*WHAT IS NEEDED*
Among the entries below, retype exactly the lines starting with the one with "电价方面,进入枯水期,1月云" and going on through the one with "köstliche Eisgetränke zaubern.", but not the pictures.

*ENTRIES SUPPLIED*
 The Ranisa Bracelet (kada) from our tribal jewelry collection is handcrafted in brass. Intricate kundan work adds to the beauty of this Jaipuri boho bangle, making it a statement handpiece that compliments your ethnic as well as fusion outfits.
* * *
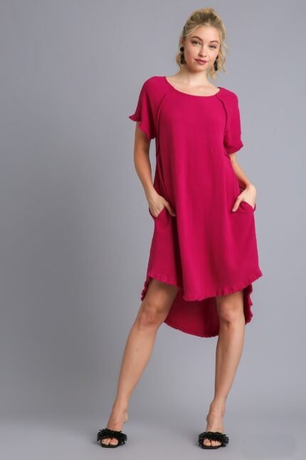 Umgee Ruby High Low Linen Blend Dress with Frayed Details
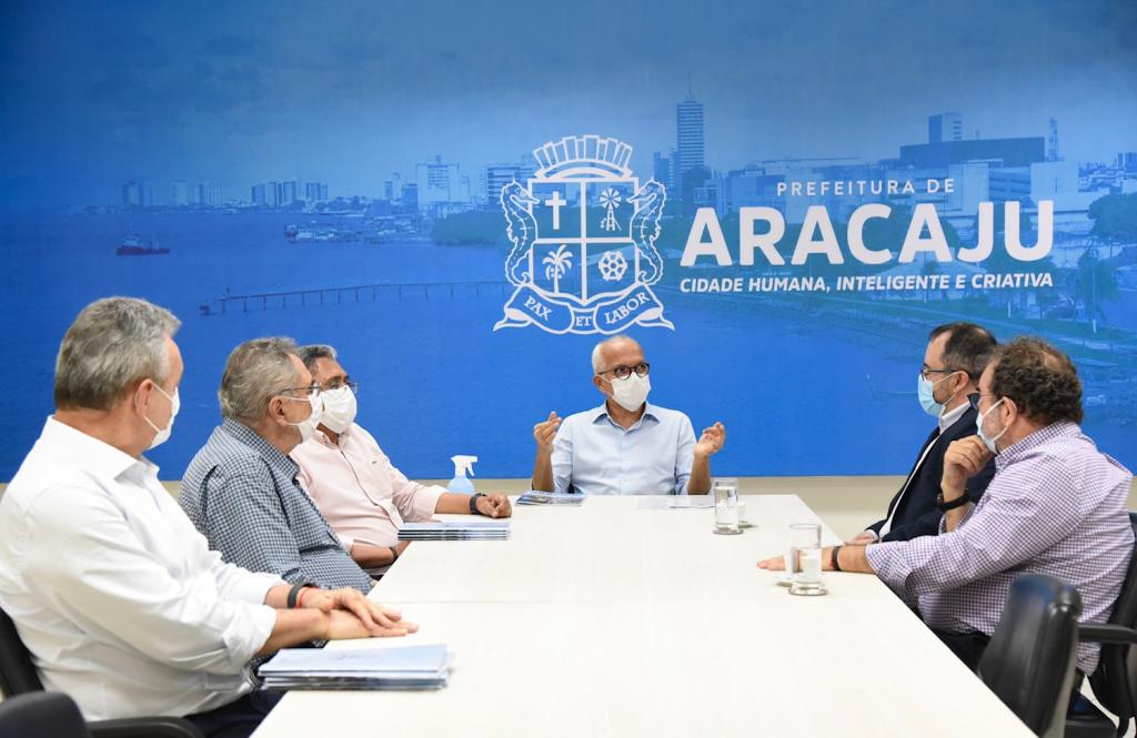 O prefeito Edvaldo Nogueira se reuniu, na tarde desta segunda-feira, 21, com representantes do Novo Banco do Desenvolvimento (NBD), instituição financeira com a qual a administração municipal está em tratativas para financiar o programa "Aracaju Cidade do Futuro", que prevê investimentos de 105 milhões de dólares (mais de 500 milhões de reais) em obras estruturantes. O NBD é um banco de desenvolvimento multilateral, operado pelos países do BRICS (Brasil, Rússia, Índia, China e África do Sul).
...
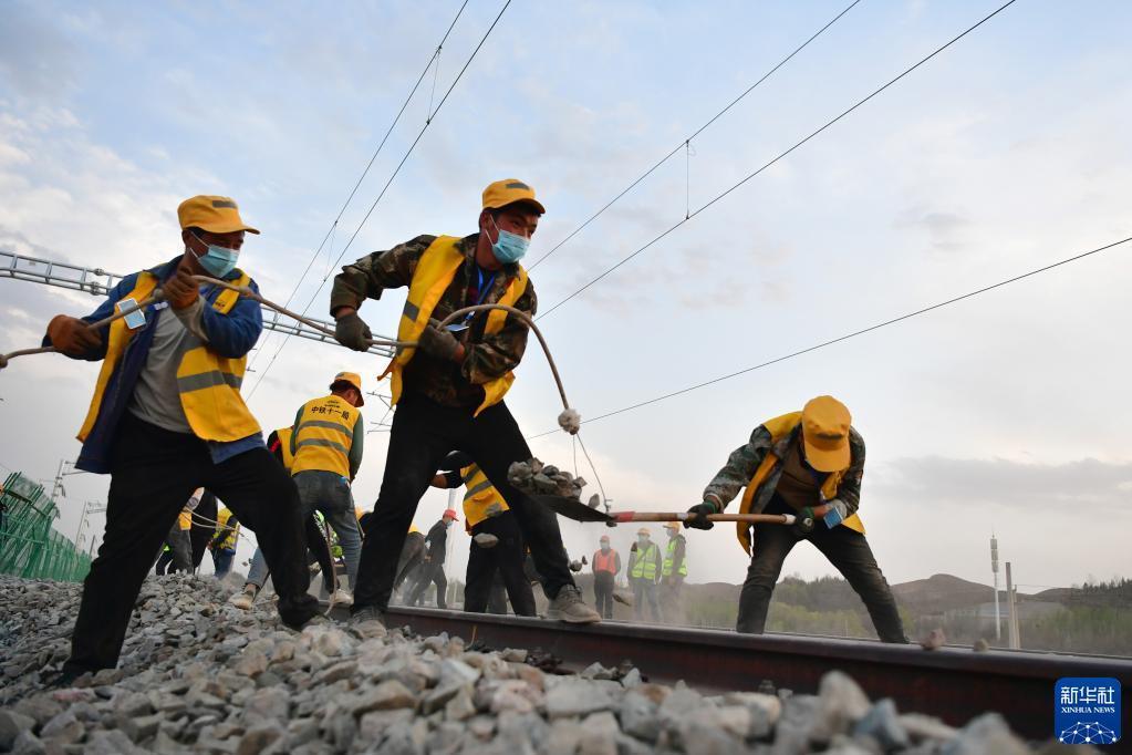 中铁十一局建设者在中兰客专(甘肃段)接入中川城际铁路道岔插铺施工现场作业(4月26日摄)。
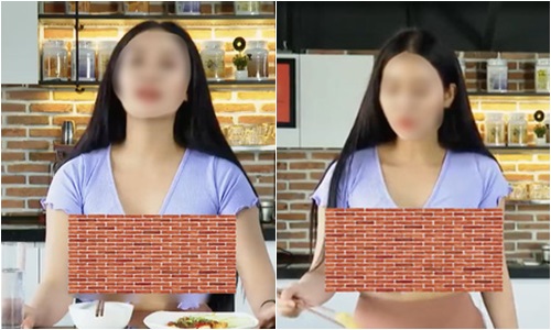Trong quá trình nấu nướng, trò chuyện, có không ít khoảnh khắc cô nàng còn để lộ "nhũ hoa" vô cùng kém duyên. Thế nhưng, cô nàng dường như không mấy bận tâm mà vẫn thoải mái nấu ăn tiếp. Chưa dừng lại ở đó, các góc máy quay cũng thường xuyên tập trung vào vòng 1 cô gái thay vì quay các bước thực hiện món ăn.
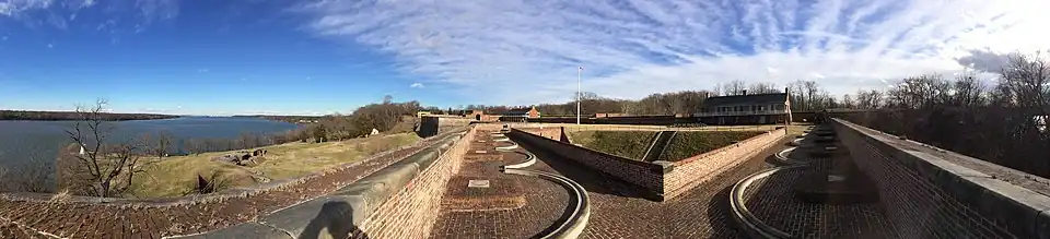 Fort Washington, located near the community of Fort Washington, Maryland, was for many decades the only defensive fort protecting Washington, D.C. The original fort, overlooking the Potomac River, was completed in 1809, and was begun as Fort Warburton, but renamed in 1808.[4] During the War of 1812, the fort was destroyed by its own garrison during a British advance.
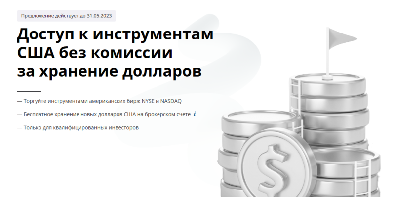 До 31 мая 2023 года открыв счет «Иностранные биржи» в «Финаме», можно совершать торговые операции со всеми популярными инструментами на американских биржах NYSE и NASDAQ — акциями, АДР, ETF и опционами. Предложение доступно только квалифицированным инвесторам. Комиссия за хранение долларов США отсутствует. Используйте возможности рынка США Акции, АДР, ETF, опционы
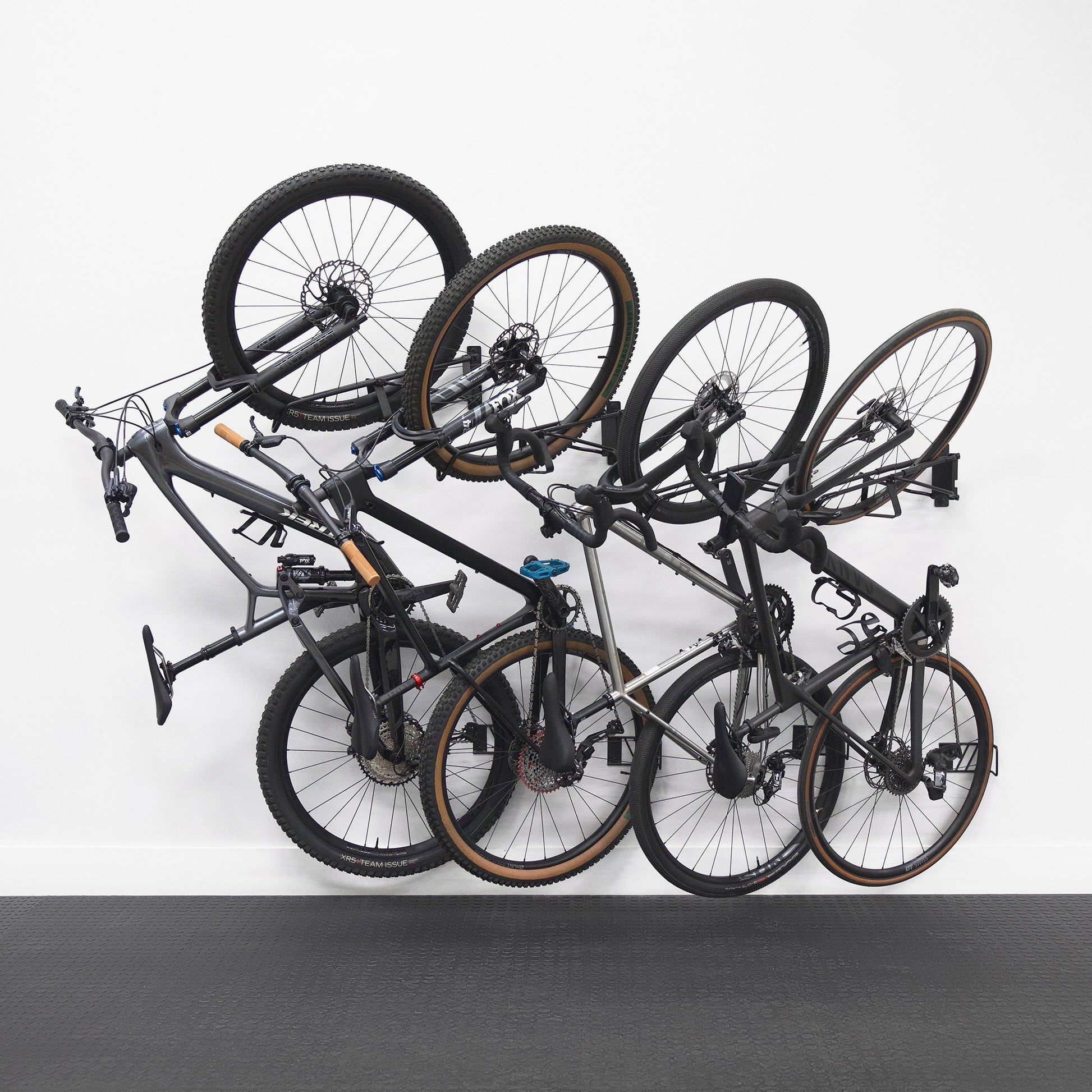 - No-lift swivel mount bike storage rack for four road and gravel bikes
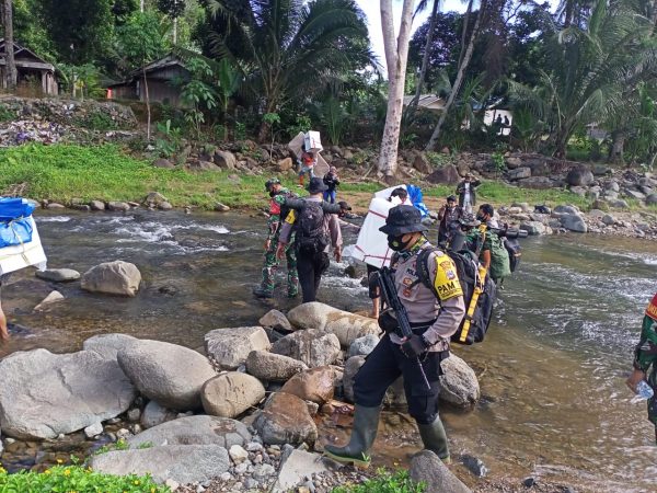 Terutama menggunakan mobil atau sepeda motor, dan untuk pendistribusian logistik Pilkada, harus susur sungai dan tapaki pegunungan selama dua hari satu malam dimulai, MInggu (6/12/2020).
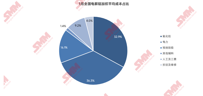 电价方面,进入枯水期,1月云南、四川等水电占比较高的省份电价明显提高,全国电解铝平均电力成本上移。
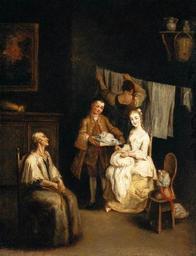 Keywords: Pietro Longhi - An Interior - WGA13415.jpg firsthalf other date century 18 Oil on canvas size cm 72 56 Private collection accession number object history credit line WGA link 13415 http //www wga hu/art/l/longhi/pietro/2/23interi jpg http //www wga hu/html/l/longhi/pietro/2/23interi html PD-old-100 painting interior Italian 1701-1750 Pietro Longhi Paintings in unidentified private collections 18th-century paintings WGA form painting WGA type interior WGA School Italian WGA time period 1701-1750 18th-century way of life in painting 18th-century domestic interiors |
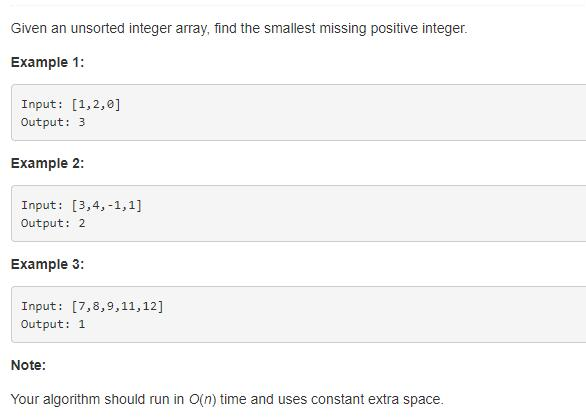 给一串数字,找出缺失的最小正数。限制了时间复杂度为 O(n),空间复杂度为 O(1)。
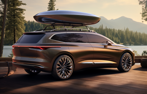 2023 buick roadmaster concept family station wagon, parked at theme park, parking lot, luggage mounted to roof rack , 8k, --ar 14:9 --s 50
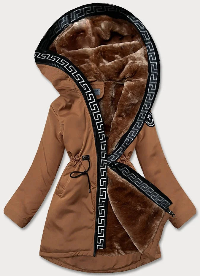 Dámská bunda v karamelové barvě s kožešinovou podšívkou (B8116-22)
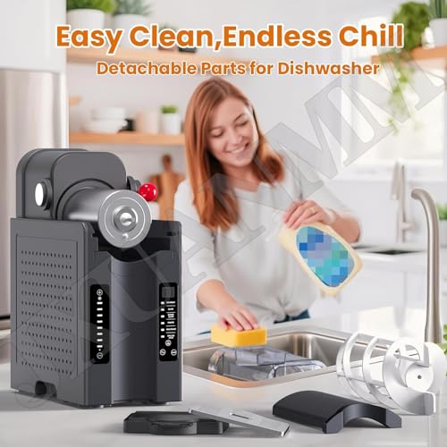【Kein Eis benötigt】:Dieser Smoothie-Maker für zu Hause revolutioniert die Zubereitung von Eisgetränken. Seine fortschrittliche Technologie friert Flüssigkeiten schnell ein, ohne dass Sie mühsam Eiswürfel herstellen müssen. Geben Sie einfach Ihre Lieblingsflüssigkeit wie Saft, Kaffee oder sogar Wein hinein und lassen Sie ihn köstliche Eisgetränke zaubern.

*RESULT FOR THIS TASK*
 电价方面,进入枯水期,1月云南、四川等水电占比较高的省份电价明显提高,全国电解铝平均电力成本上移。
 Keywords: Pietro Longhi - An Interior - WGA13415.jpg firsthalf other date century 18 Oil on canvas size cm 72 56 Private collection accession number object history credit line WGA link 13415 http //www wga hu/art/l/longhi/pietro/2/23interi jpg http //www wga hu/html/l/longhi/pietro/2/23interi html PD-old-100 painting interior Italian 1701-1750 Pietro Longhi Paintings in unidentified private collections 18th-century paintings WGA form painting WGA type interior WGA School Italian WGA time period 1701-1750 18th-century way of life in painting 18th-century domestic interiors |
 给一串数字,找出缺失的最小正数。限制了时间复杂度为 O(n),空间复杂度为 O(1)。
 2023 buick roadmaster concept family station wagon, parked at theme park, parking lot, luggage mounted to roof rack , 8k, --ar 14:9 --s 50
 Dámská bunda v karamelové barvě s kožešinovou podšívkou (B8116-22)
【Kein Eis benötigt】:Dieser Smoothie-Maker für zu Hause revolutioniert die Zubereitung von Eisgetränken. Seine fortschrittliche Technologie friert Flüssigkeiten schnell ein, ohne dass Sie mühsam Eiswürfel herstellen müssen. Geben Sie einfach Ihre Lieblingsflüssigkeit wie Saft, Kaffee oder sogar Wein hinein und lassen Sie ihn köstliche Eisgetränke zaubern.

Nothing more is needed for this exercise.